We add a diagonal offset term αΔ to the eigenvalue matrix D, in order to parametrize the number of eigenvalues remaining after taking the real part of the square root. Since lower eigenvalues tend to increase the energy, they can be dropped out so that the algorithm spans the eigenspace associated with higher eigenvalues. We chose to parametrize this offset as follows: \(\alpha \in {\mathbb{R}}\) is called the eigenvalue dropout level, a hyperparameter to select the number of eigenvalues remaining from the original coupling matrix K, and Δ > 0 is a diagonal offset matrix. For instance, Δ can be defined as the sum of the off-diagonal terms of the Ising coupling matrix Δii = ΣjiKij∣. The addition of Δ only results in a global offset on the Hamiltonian. The purpose of the Δ offset is to make the matrix in the square root diagonally dominant, thus symmetric positive definite, when α is large and positive. Thus, other definitions of the diagonal offset could be proposed.
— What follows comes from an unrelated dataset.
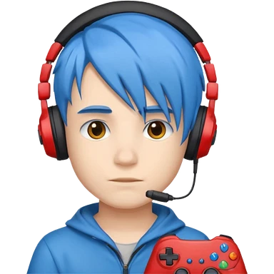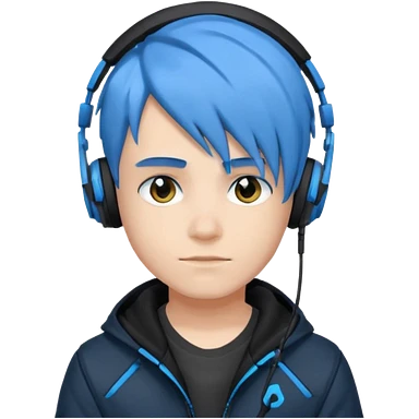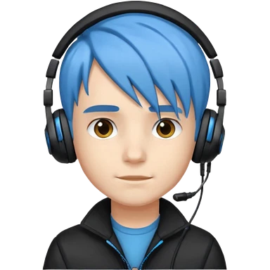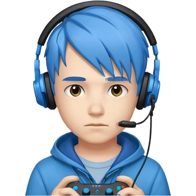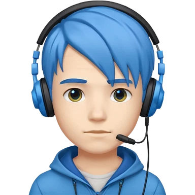 Boy gamer with headset, blue hair emoji | AI Emoji Generator

When α → 0, some lower eigenvalues are dropped out by taking the real part of the square root (see Supplementary Note 3); we show below that this improves the performance of the PRIS. We will specify which definition of Δ is used in our study when α ≠ 0. When choosing this definition of Sqα(D) and operating the PRIS in the large noise limit, we can implement any general Ising model (Eq. (1)) on the PRIS (Eq. (6)).

It has been noted that by setting Sqα(D) = D (i.e., the linear photonic domain matrix amounts to the Ising coupling matrix 2J = K), the free energy of the system equals the Ising free energy at any finite temperature (up to a factor of 2, thus exhibiting the same ground states) in the particular case of associative memory couplings19 with finite number of patterns and in the thermodynamic limit, thus drastically constraining the number of degrees of freedom on the couplings. This regime of operation is a direct modification of the Hopfield network, an energy-based model where the couplings between neurons is equal to the Ising coupling between spins. The essential difference between the PRIS in the configuration Sqα(D) = D and a Hopfield network is that the former relies on synchronous spin updates (all spins are updated at every step, in this so-called Little network14) while the latter relies on sequential spin updates (a single randomly picked spin is updated at every step). The former is better suited for a photonic implementation with parallel photonic networks.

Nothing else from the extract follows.